Palais du facteur Cheval

5,80 euros. Un prix modique pour ce voyage au pays de l’imaginaire. Je me retournai et jetai un dernier regard pour m’imprégner de la vision fantasmagorique que j’avais eu le loisir d’admirer, grâce à la ténacité et au courage d’un homme entré aujourd’hui dans l’histoire. Rempli d’espoir, je rangeai le précieux objet dans ma poche et démarrai. Il était dix heures et la circulation était fluide sur l’autoroute A7. Mes pensées vagabondaient.
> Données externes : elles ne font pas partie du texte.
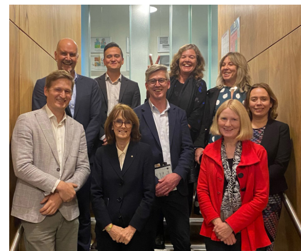
Above: FACS tour of Monash

"...with a steady turnover of Chief Scientists in different states, it was great to get back to in-person meetings again."

Des visions de projets improbables, qui restaient encore à inventer, traversaient mon esprit en ébullition. C’est pendant le trajet, alors qu’une multitude d’images se bousculaient encore dans ma tête, que l’idée commença à germer. Le déclic était bel et bien en train de se produire. Ce n’était pas qu’une légende. Mais, laissez-moi vous raconter comment tout a commencé.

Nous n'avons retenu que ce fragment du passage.